Java
The whylogs library includes both a Java and Python version. This page is specific to the java version which includes support for Apache Spark integration.
Usage
To get started, add WhyLogs to your Maven POM:
<dependency>
<groupId>ai.whylabs</groupId>
<artifactId>whylogs-core</artifactId>
<version>0.1.0</version>
</dependency>
For the full Java API signature, see the Java Documentation.
Spark package (Scala 2.11 or 2.12 only):
<dependency>
<groupId>ai.whylabs</groupId>
<artifactId>whylogs-spark_2.11</artifactId>
<version>0.1.0</version>
</dependency>
For the full Scala API signature, see the Scala API Documentation.
Examples Repo
For examples in different languages, please checkout our whylogs-examples repository.
Simple tracking
The following code is a simple tracking example that does not output data to disk:
import com.whylogs.core.DatasetProfile;
import java.time.Instant;
import java.util.HashMap;
import com.google.common.collect.ImmutableMap;
public class Demo {
public void demo() {
final Map<String, String> tags = ImmutableMap.of("tag", "tagValue");
final DatasetProfile profile = new DatasetProfile("test-session", Instant.now(), tags);
profile.track("my_feature", 1);
profile.track("my_feature", "stringValue");
profile.track("my_feature", 1.0);
final HashMap<String, Object> dataMap = new HashMap<>();
dataMap.put("feature_1", 1);
dataMap.put("feature_2", "text");
dataMap.put("double_type_feature", 3.0);
profile.track(dataMap);
}
}
Serialization and deserialization
WhyLogs uses Protobuf as the backing storage format. To write the data to disk, use the standard Protobuf serialization API as follows.

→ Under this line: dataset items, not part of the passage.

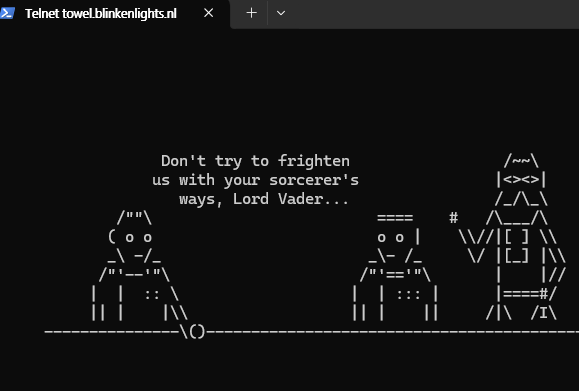 그다음 아래의 코드를 복사해 붙여넣기한 다음 엔터키를 누르면 이스터 에그인 스타워즈 에피소드를 볼 수 있습니다.
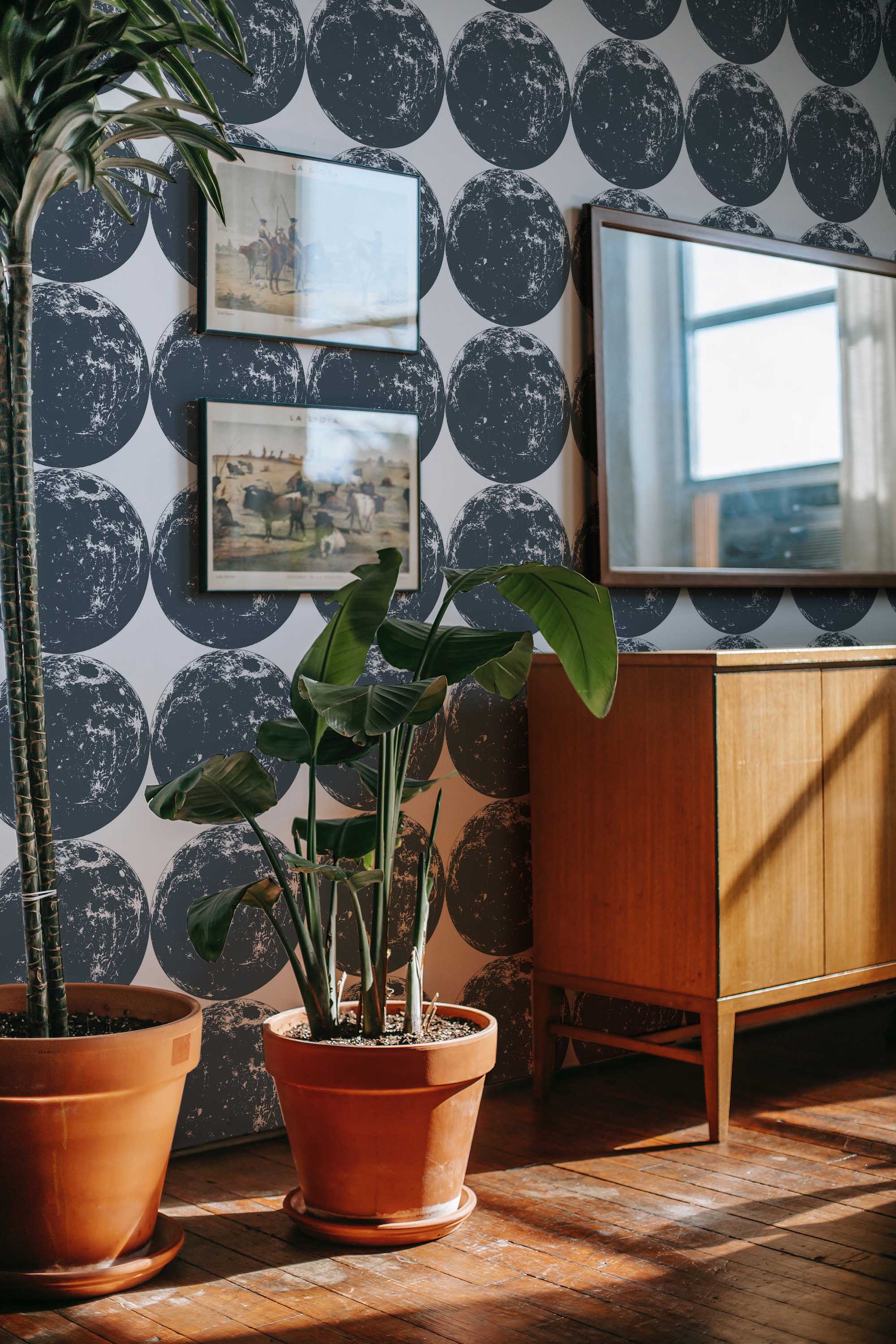 Full Moon wallpaper brings bold geometric style with a charcoal gray palette and a seamless lunar repeat that feels modern and timeless. The moon motif adds an abstract edge, making it a striking choice for accent walls, bedrooms, offices, or living areas. Its clean balance of shape and tone gives depth and a subtle cosmic vibe.
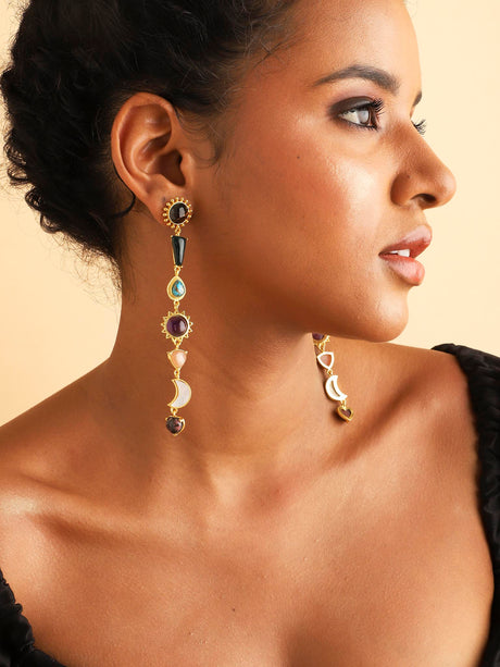 Stellar Elegance - 7 Healing Stones Multilayer Drop Earrings

import com.whylogs.core.DatasetProfile;
import java.io.InputStream;import java.nio.file.Files;
import java.io.OutputStream;
import java.nio.file.Paths;
import com.whylogs.core.message.DatasetProfileMessage;
class SerializationDemo {
public void demo(DatasetProfile profile) {
try (final OutputStream fos = Files.newOutputStream(Paths.get("profile.bin"))) {
profile.toProtobuf().build().writeDelimitedTo(fos);
}
try (final InputStream is = new FileInputStream("profile.bin")) {
final DatasetProfileMessage msg = DatasetProfileMessage.parseDelimitedFrom(is);
final DatasetProfile profile = DatasetProfile.fromProtobuf(msg);
// continue tracking
profile.track("feature_1", 1);
}
}
}
Merging dataset profiles
In enterprise systems, data is often partitioned across multiple machines for distributed processing. Online systems may also process data on multiple machines, requiring engineers to run ad-hoc analysis using an ETL-based system to build complex metrics, such as counting unique visitors to a website.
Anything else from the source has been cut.